● **Required work**: The copy should hold exactly the lines below from the one that contains "Obstetra, ahora es" through the one that contains "距离顶峰不远的一大片水域,清" and nothing else, so no pictures.

################

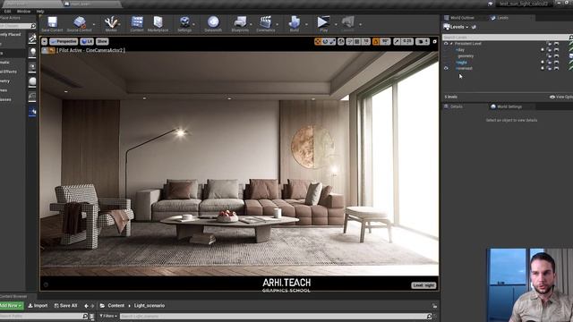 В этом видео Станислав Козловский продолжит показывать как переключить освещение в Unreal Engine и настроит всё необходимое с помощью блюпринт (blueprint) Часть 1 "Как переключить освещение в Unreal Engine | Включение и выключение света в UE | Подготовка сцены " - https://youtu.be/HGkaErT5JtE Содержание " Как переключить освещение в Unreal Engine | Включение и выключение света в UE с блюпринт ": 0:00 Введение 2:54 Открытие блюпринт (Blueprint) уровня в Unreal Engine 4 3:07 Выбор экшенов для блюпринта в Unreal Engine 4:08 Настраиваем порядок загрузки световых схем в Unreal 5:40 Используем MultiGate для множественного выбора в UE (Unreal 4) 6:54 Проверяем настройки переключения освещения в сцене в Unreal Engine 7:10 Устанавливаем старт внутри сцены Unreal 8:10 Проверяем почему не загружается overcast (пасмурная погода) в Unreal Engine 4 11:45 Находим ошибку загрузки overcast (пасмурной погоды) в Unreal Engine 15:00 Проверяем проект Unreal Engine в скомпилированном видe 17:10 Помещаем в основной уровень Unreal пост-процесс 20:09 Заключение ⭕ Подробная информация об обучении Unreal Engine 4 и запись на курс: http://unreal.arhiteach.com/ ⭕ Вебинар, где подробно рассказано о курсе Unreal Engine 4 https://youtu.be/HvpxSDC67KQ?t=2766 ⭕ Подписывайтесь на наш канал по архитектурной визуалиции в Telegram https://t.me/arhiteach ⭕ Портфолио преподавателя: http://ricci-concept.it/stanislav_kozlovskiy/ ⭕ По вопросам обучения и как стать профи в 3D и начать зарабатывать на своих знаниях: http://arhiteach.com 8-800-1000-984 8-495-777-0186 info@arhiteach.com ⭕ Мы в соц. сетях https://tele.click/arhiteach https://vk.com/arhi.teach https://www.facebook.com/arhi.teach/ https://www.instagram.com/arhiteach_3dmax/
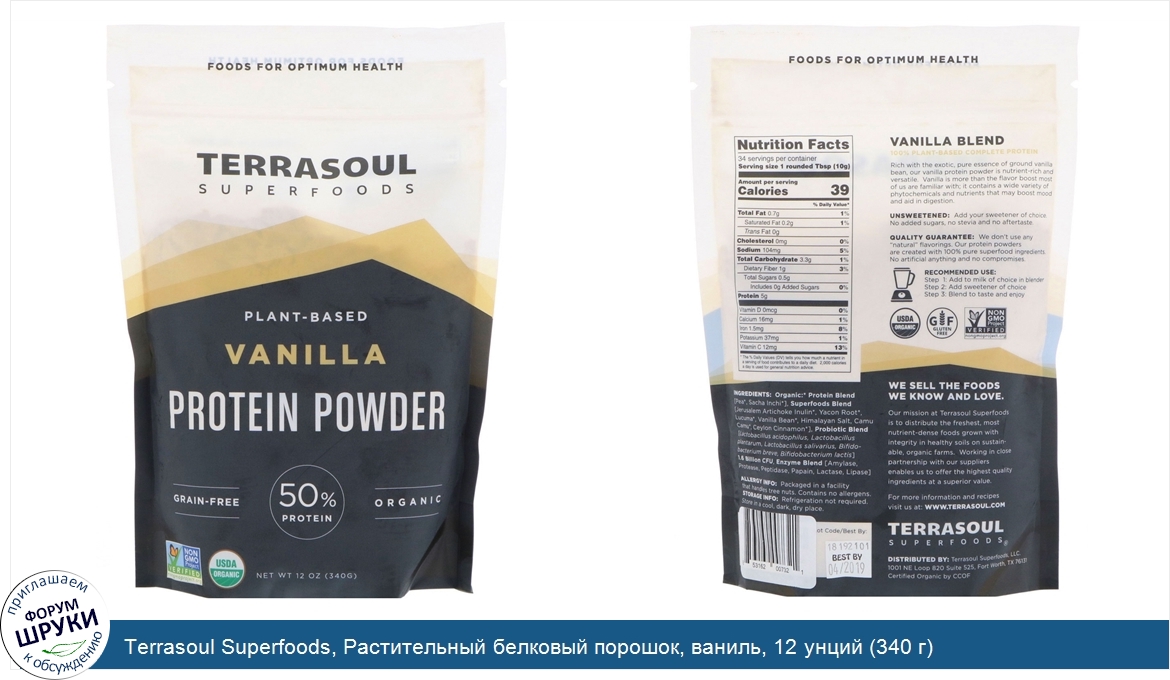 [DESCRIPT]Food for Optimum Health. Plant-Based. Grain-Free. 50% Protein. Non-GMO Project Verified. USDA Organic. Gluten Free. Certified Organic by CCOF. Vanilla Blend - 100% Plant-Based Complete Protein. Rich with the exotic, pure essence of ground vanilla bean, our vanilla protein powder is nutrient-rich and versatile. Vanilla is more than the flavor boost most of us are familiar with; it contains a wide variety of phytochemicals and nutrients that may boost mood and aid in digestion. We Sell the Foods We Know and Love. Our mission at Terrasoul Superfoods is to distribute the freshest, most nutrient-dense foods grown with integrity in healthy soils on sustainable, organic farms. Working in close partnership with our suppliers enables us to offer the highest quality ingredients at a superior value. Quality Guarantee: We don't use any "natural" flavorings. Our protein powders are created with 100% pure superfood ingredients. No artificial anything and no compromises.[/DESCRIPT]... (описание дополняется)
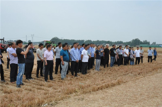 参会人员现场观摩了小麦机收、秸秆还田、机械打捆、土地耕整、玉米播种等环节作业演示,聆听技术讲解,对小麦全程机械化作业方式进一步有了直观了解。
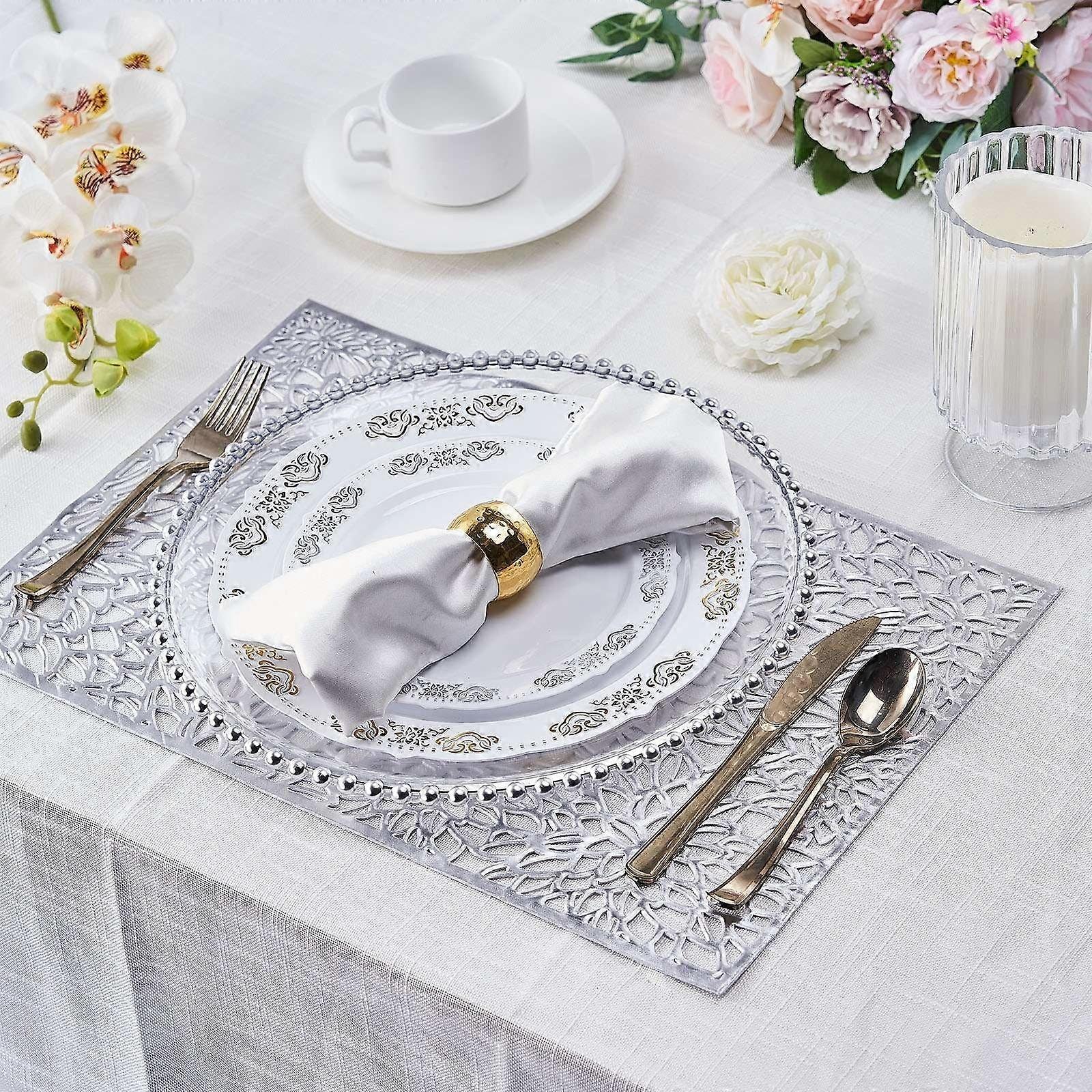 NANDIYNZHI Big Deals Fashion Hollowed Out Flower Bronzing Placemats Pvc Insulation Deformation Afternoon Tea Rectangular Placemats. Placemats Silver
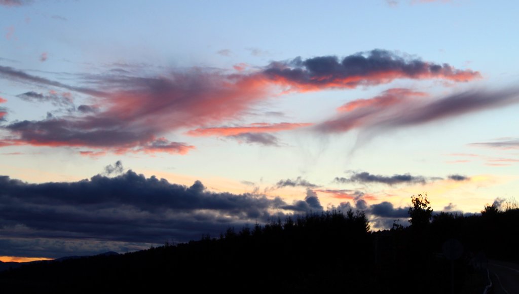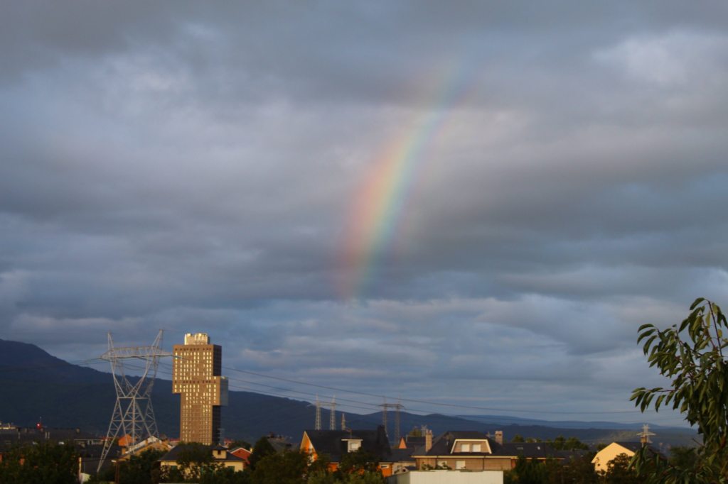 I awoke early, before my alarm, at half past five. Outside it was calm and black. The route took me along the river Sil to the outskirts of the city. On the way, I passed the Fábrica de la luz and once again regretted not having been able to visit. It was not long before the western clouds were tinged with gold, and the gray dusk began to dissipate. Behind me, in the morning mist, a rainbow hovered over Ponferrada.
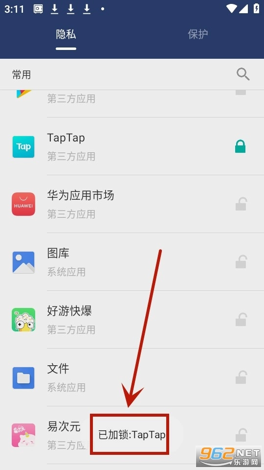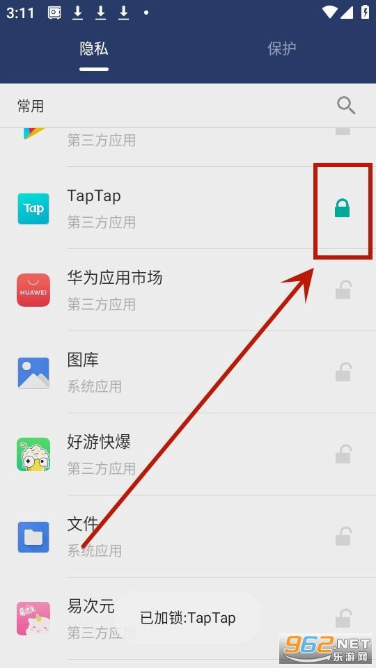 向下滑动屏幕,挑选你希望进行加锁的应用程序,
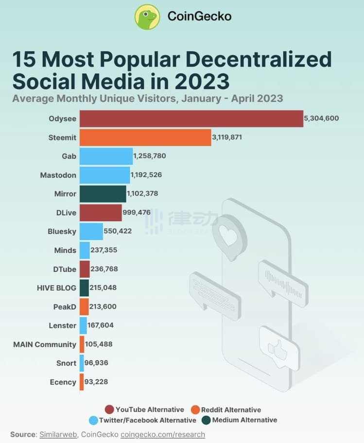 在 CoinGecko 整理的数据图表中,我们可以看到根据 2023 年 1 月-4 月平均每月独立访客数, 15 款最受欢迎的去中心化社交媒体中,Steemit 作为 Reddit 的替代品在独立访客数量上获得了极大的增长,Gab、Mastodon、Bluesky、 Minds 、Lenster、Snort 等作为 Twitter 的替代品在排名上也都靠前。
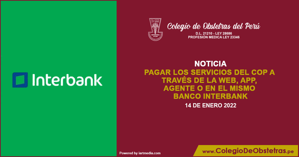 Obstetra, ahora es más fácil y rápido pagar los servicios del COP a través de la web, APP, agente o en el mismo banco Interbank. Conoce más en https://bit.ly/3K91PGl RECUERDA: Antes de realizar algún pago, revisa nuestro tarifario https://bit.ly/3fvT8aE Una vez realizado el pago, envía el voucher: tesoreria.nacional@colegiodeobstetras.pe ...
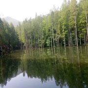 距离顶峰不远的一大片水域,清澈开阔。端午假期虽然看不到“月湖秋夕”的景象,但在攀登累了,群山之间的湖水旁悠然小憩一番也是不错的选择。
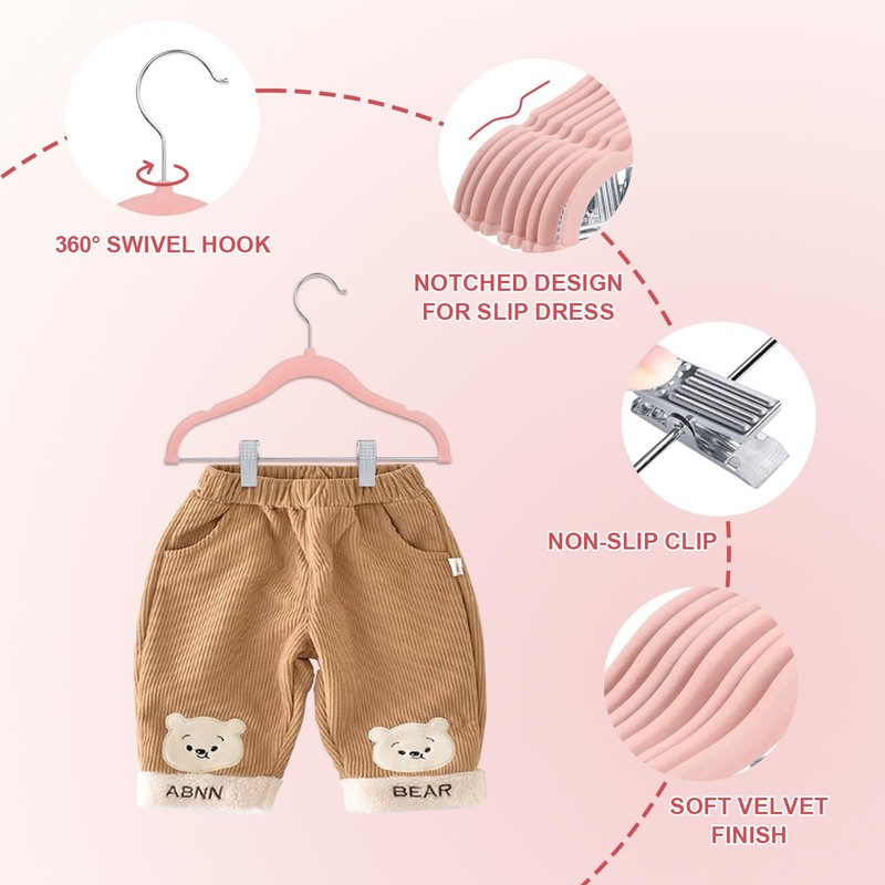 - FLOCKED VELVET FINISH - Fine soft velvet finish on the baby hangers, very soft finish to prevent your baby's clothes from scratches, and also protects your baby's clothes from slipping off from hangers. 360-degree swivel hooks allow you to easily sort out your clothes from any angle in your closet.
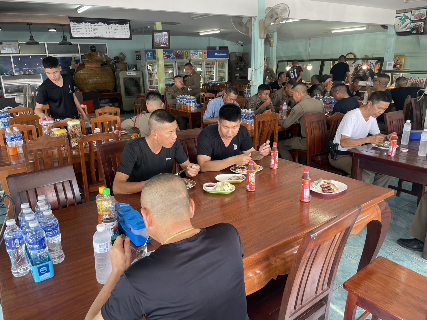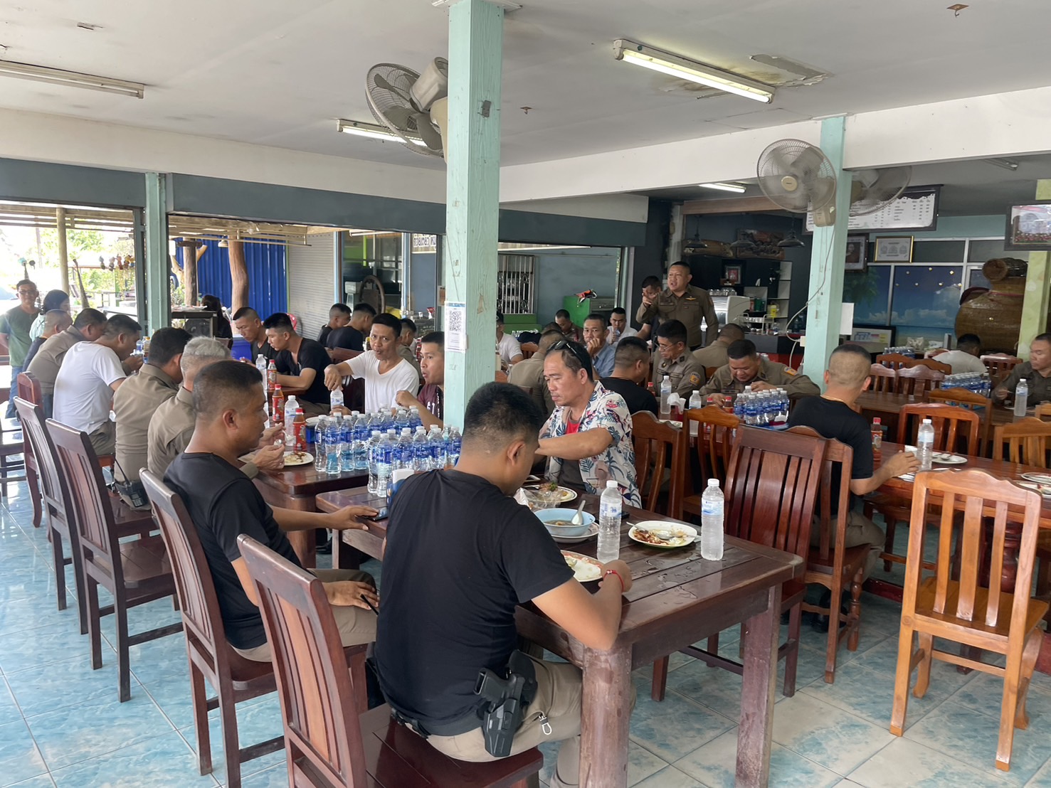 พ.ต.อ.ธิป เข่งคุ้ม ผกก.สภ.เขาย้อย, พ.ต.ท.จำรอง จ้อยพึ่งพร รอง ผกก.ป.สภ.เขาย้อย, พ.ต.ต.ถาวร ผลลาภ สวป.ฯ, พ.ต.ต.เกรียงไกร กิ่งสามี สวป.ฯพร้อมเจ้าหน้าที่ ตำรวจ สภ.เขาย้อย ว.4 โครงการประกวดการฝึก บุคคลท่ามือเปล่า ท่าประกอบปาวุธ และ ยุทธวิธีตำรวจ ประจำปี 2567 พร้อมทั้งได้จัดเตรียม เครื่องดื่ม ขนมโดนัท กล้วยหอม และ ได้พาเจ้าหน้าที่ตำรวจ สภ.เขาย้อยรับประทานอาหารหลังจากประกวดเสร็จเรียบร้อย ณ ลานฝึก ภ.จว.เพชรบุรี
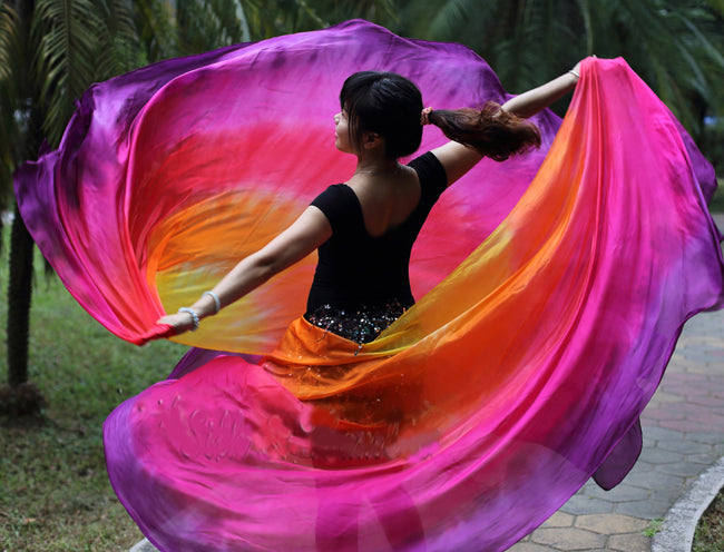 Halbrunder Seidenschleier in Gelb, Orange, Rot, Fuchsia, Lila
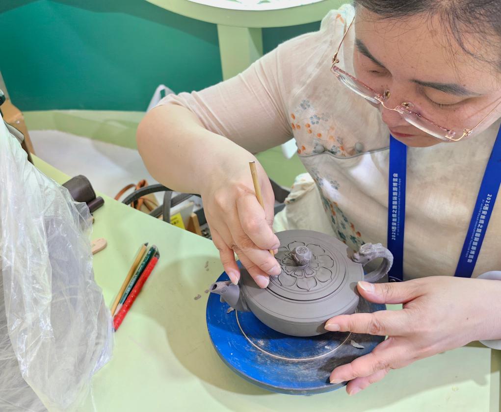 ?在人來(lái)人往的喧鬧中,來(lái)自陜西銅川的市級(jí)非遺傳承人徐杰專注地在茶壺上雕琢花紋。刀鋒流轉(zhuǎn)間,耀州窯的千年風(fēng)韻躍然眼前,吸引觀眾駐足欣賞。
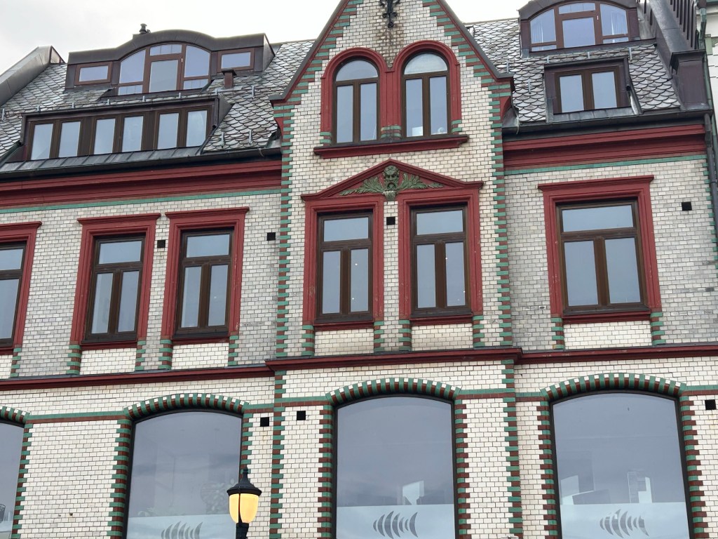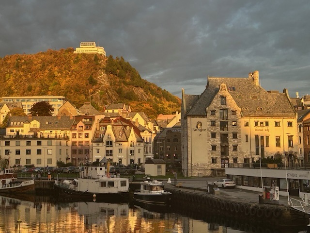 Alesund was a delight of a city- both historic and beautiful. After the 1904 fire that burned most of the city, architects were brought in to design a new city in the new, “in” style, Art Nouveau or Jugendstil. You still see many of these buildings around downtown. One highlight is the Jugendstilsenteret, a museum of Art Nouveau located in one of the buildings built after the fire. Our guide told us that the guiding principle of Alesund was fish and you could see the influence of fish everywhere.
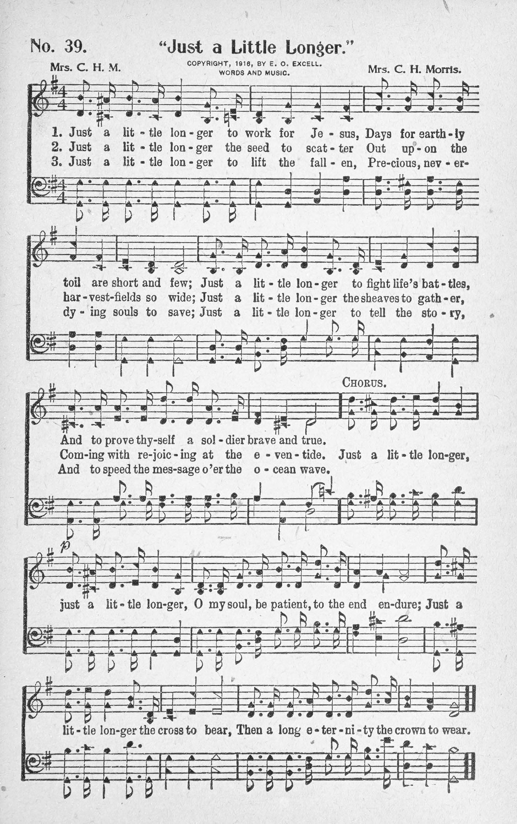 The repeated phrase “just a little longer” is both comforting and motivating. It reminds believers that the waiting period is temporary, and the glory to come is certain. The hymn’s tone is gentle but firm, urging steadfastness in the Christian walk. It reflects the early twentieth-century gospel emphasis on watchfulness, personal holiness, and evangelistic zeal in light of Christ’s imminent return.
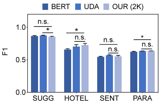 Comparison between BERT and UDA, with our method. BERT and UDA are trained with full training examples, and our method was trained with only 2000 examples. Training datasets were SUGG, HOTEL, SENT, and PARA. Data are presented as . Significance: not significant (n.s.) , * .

################

● **Written response**:
 Obstetra, ahora es más fácil y rápido pagar los servicios del COP a través de la web, APP, agente o en el mismo banco Interbank. Conoce más en https://bit.ly/3K91PGl RECUERDA: Antes de realizar algún pago, revisa nuestro tarifario https://bit.ly/3fvT8aE Una vez realizado el pago, envía el voucher: tesoreria.nacional@colegiodeobstetras.pe ...
 距离顶峰不远的一大片水域,清澈开阔。端午假期虽然看不到“月湖秋夕”的景象,但在攀登累了,群山之间的湖水旁悠然小憩一番也是不错的选择。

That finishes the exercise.